For her Link Research project she is developing underwater object detection and identification using distributed pressure sensors. Underwater vision is usually limited. Object detection and identification is therefore one of the main challenges of underwater navigation. A new sensing modality, specifically developed for underwater environments, would greatly increase the scope of underwater missions.
This project will develop computational tools for allowing underwater vehicles to use distributed pressure sensors to detect and identify obstacles. State-of-the-art computational fluid dynamics simulations will be used to build a simplified hydrodynamic model for pressure prediction. The model will then be used to provide guidelines in terms of appropriate sensor location, spacing and sensitivity. Finally, an algorithm to detect and identify obstacles in real-time using distributed pressure sensors will be developed.

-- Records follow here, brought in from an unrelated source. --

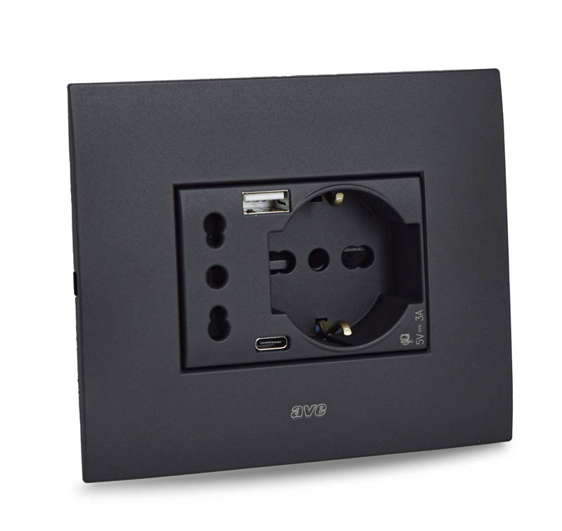 Si tratta di una soluzione in linea con l’evoluzione dell’abitare: il monoblocco AVE include infatti le due prese più installate negli impianti elettrici (presa bipasso per spine da 10A e 16A e presa schuko) e può offrire entrambi gli standard USB oggi più richiesti, l’attuale tipo A e il tipo C, lo standard per il futuro. Tutte le prese del monoblocco AVE possono essere adoperate contemporaneamente così da incontrare al meglio le esigenze dei clienti finali.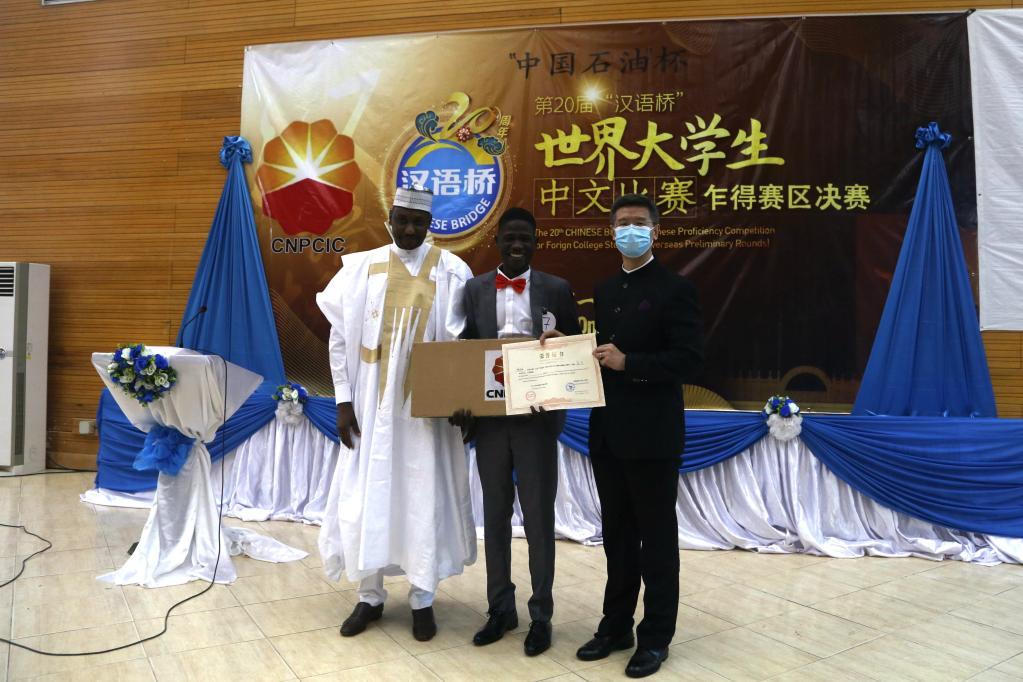 2021年7月23日,在乍得首都恩贾梅纳,中国驻乍得大使李津津(右)为第20届“汉语桥”世界大学生中文比赛乍得赛区冠军佛朗哥(中)颁奖。(中国驻乍得大使馆供图)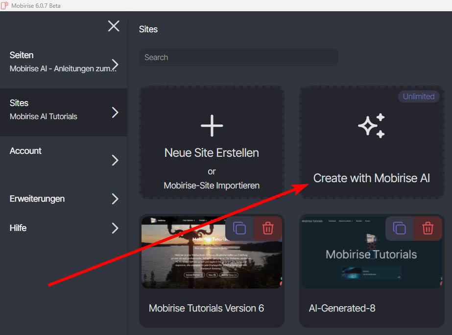 Mobirise AI verwenden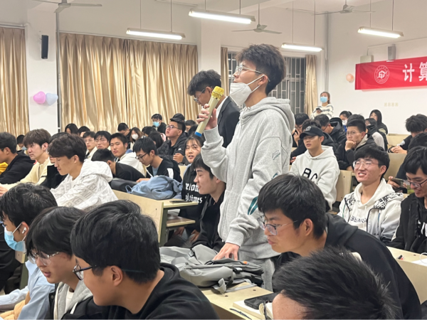 武传琪给同学们普及计算机专业的重要课程和学习重点,鼓励同学们积极参加各种竞赛,培养自己的创新创业能力。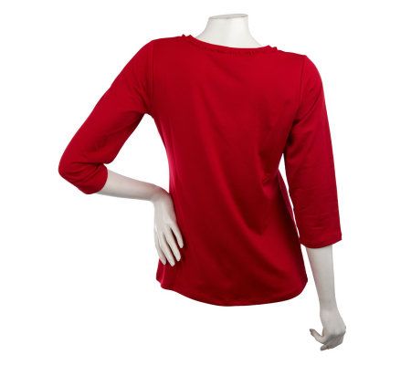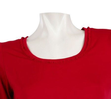 Putting the focus on you. The U-shaped neckline of this solid-color top, accented by a sweet ruffle detail, forms a nice frame for your favorite pendant or scarf. Stretchy, silky-smooth Butterknit fabric makes the shirt ideal for layering. From Susan Graver.

Name: Christopher McFarland
Department: Department of Mechanical Engineering
School: Johns Hopkins University
Project: Facilitate Unmanned Underwater Vehicle (UUV) scientific deployments by enabling these systems to better utilize their capacity for dynamic motion
Research Advisor: Professor Louis Whitcomb
After growing up in Oklahoma, Christopher McFarland attended the University of Puget Sound in Tacoma, WA, where he earned his BA degree in Physics. He then attended Washington University in St. Louis and received a BS degree in Mechanical Engineering. During the five years required to finish both degrees, he was lucky enough to have internships with Anadarko Petroleum Corporation's World Wide Deep Water Operations Group and Idaho National Lab's Adaptive Robotics Group. Based on these experiences, both inside and outside the classroom, Christopher chose to pursue a PhD at Johns Hopkins University based on Professor Whitcomb's commitment to developing both advanced techniques to control underwater vehicles and advanced tools to facilitate scientific research.
Christopher's current objective is to facilitate Unmanned Underwater Vehicle (UUV) scientific deployments by enabling these systems to better utilize their capacity for dynamic motion. Recent advances in UUV capabilities have enabled climatologists, geologists, biologists and archaeologists to consider addressing research topics previously thought impractical or impossible. These types of missions require precisely and quickly maneuvering the vehicle. Thus full utilization of UUV capabilities requires accurate tracking in the vehicle's position and velocity. Currently, UUVs use linear controllers which suffer tracking performance errors because they do not compensate for non-linearities such as drag, buoyancy, inertia and hydrodynamic forces. Christopher and his advisor will develop Model Based Adaptive Controllers (MBAC) which model drag, buoyancy, inertia and hydrodynamic forces and “learn” the correct values of these parameters as part of the control process. They hypothesize MBAC will significantly improve UUV effectiveness for scientific research. To test this claim, the Johns Hopkins Hydrodynamic Test Facility will be used in full scale trials of both linear PD control and MBAC to evaluate vehicle tracking performance gains.